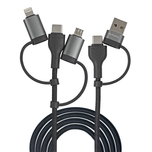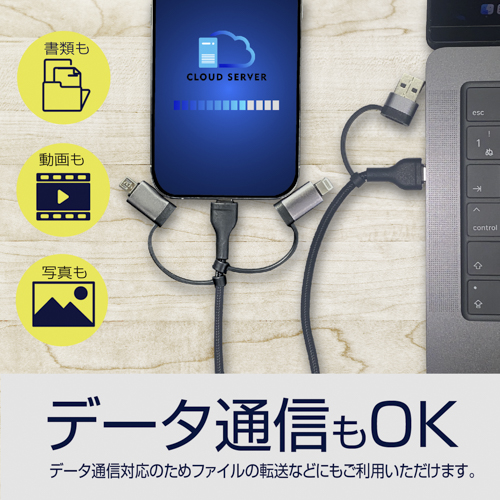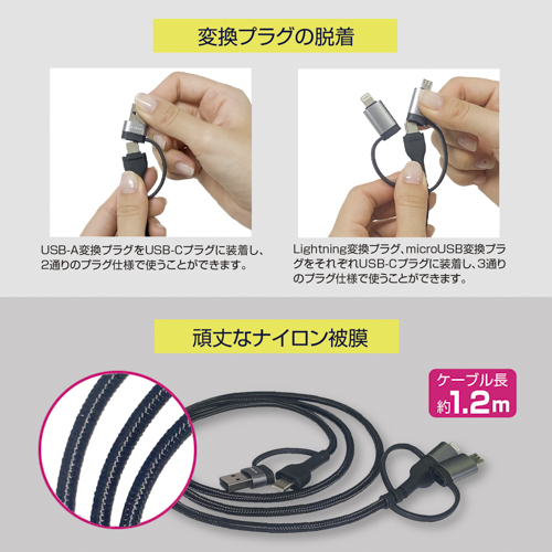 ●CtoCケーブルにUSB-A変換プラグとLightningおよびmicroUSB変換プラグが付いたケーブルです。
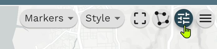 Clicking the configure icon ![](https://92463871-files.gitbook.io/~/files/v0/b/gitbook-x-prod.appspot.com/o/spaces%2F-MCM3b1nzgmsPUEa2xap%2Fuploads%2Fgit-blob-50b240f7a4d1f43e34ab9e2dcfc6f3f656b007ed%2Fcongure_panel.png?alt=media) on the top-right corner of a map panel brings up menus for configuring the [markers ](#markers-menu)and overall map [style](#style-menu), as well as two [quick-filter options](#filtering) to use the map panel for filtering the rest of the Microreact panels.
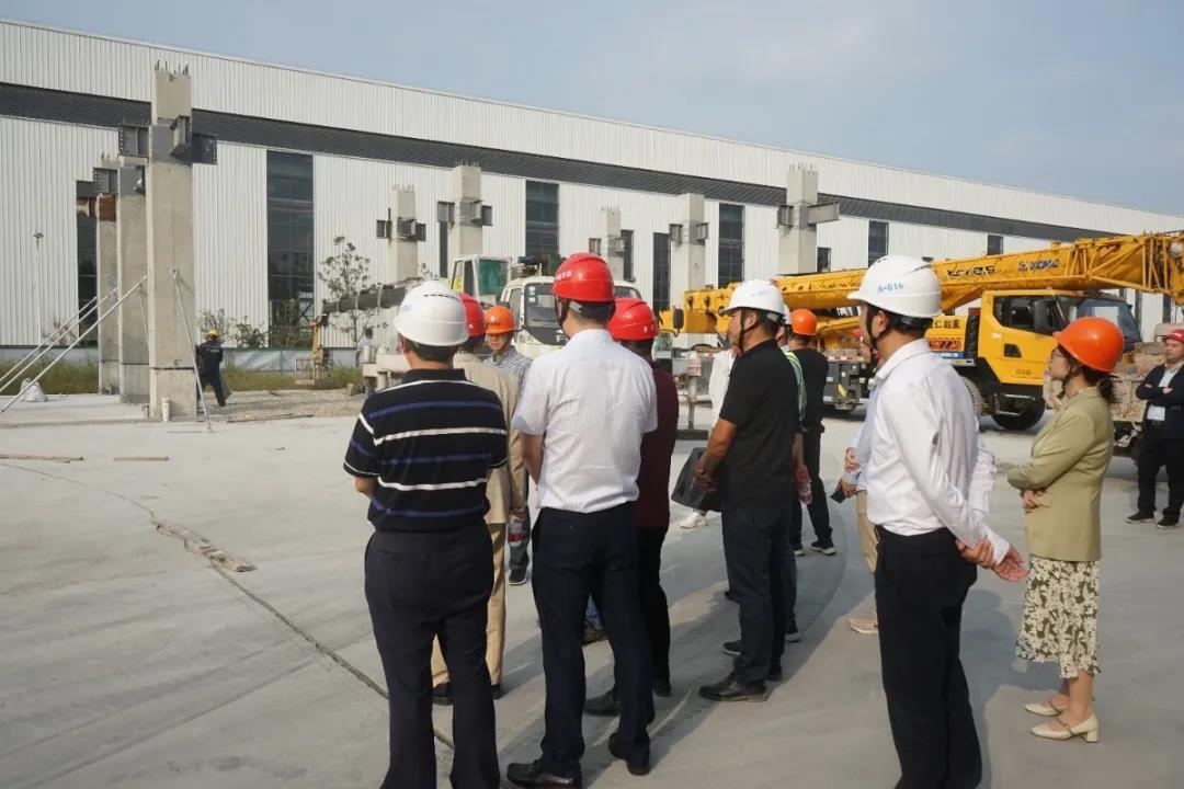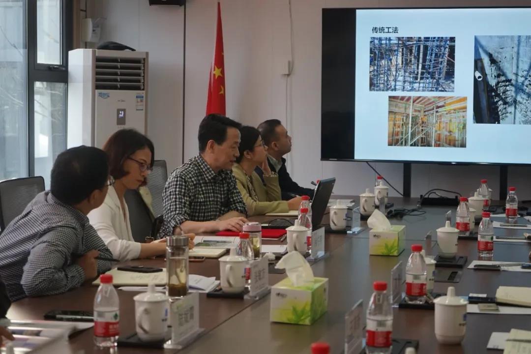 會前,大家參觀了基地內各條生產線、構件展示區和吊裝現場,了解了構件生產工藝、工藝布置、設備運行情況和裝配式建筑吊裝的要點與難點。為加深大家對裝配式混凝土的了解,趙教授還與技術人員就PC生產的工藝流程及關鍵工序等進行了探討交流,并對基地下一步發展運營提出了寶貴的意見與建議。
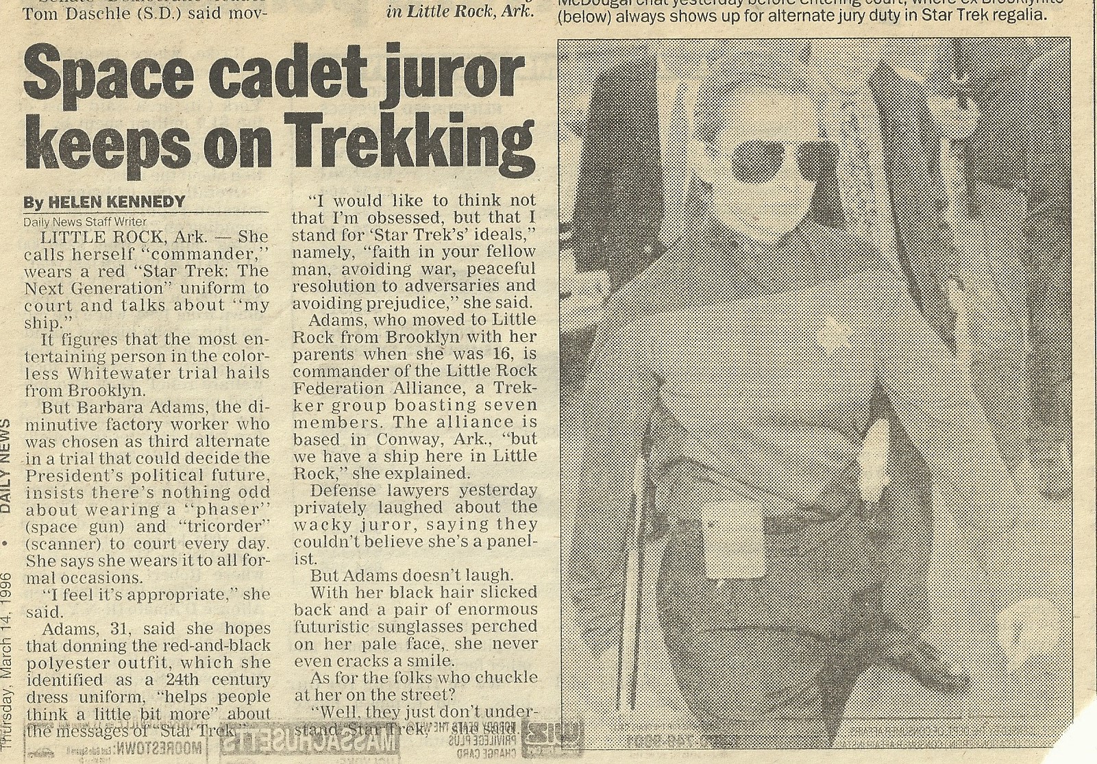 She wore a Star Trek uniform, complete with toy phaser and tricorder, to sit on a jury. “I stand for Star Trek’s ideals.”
☆ ☆ ☆
◆ Work instruction
Give the data again exactly. Keep the images out.

◆ Your solution
 ●CtoCケーブルにUSB-A変換プラグとLightningおよびmicroUSB変換プラグが付いたケーブルです。
 Clicking the configure icon ![](https://92463871-files.gitbook.io/~/files/v0/b/gitbook-x-prod.appspot.com/o/spaces%2F-MCM3b1nzgmsPUEa2xap%2Fuploads%2Fgit-blob-50b240f7a4d1f43e34ab9e2dcfc6f3f656b007ed%2Fcongure_panel.png?alt=media) on the top-right corner of a map panel brings up menus for configuring the [markers ](#markers-menu)and overall map [style](#style-menu), as well as two [quick-filter options](#filtering) to use the map panel for filtering the rest of the Microreact panels.
 會前,大家參觀了基地內各條生產線、構件展示區和吊裝現場,了解了構件生產工藝、工藝布置、設備運行情況和裝配式建筑吊裝的要點與難點。為加深大家對裝配式混凝土的了解,趙教授還與技術人員就PC生產的工藝流程及關鍵工序等進行了探討交流,并對基地下一步發展運營提出了寶貴的意見與建議。
 She wore a Star Trek uniform, complete with toy phaser and tricorder, to sit on a jury. “I stand for Star Trek’s ideals.”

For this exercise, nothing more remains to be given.